Now, Mr. Chairman, he is but a poor student of this country's history who is not able to satisfy himself that from the very formation of the Federal Constitution down to the present time it has ever been held, and that by the highest authorities of the land, and never successfully denied, that it was a power not only of the American Congress, but a power of this House, to control the employment of the army by a withholding of supplies.

The debates upon the formation of the Federal Constitution which lie before me show that the brightest intellects assembled in that convention asserted this doctrine in its broadest term, and no man dared gainsay it. It is one of those features of English liberty that have come down to us by adoption.

It was so stated in the debates upon the formation of this instrument, as given to us, that

it is ever and always in the power of the House of Representatives, by copying the example of the House of Commons of England in withholding supplies, to control absolutely the employment and conduct of the army. You may follow that theory down at short intervals, and in 1819, when an army appropriation bill was considered and passed in this Chamber, and it was proposed to restrict the power of the President by specifying the purpose to which the appropriations should be applied, the very same argument was made against it then that our friends on the other side hurl against us now.

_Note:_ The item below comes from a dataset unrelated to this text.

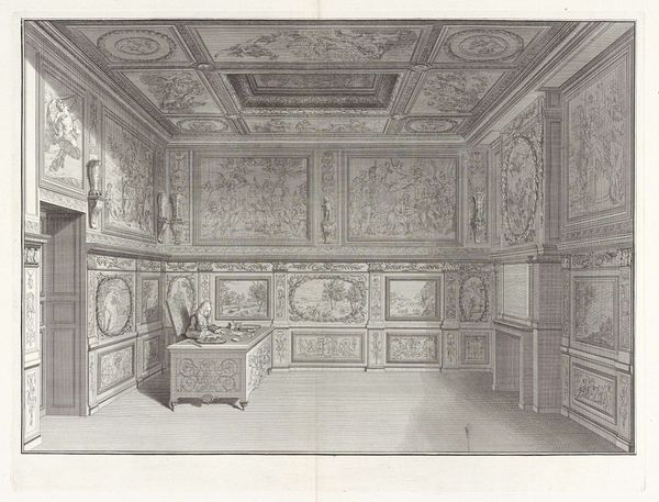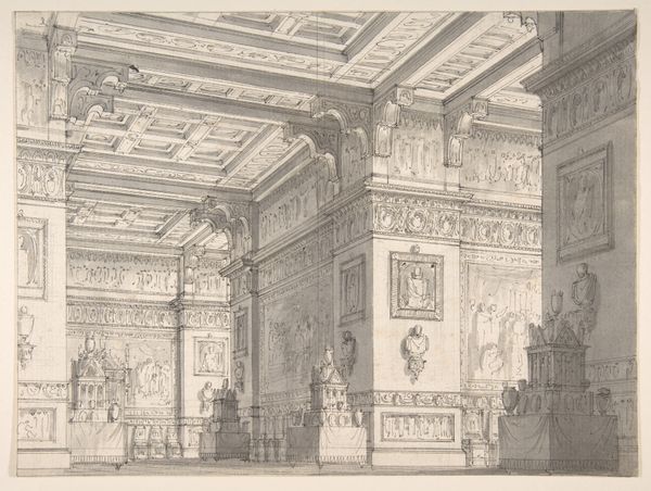 This architectural design drawing of an interior was made by C. Taselaar with pencil and ink. The drawing meticulously shows the interior of an imagined room, complete with wall decorations and large windows. The lines are precise, and the shading is carefully applied to give depth and dimension. What is particularly interesting is how the drawing itself becomes a tool of representation, not just of space, but of the labor required to produce such elaborate interiors. Consider the time and skill needed to create paneling, paint the landscape murals, and execute the neoclassical ornamentation. All this would have required numerous artisans. Architectural drawings like this one played a key role in coordinating that labor, connecting the designer's vision with the many hands that would bring it to life. By focusing on the drawing's role in visualizing and organizing the labor-intensive process of interior design, we can appreciate how it reflects the broader economic and social structures of its time.

It was upon that occasion that Mr. Mercer, one of the brightest among the law-makers of the government of his day, asserted upon this floor, without encountering contradiction, that it was in the power of the House of Representatives to withhold supplies altogether for the maintenance of the army, if, indeed, that should become necessary to control its operation. It was then that one whose patriotism has never been questioned, though it has survived through the greater portion of a fading century only to grow brighter as the ages go by,-it was then that not only Kentucky's but America's great commoner, Mr. Clay, declared in his burning

words of eloquence, uttered where we now sit, that he was ready to make the issue with the Executive and offer him a bill with the objectionable features incorporated in it, and to say to the Executive : "Sign or refuse to sign it; but if you do refuse to sign it, declaring that we have not the power to pass it, then my answer to you shall be, neither has the Execu-. tive the power that you arrogate to yourself." And you may come down from then till now, and never in the history of this government has it been denied that the Constitution itself, which gives to Congress the right to pass these money bills to provide means for the support and maintenance of a military establishment, carries with it the resultant right on the part of Congress to withhold these appropriations when, in its judgment, it is necessary to prevent abuses in the employment of the military.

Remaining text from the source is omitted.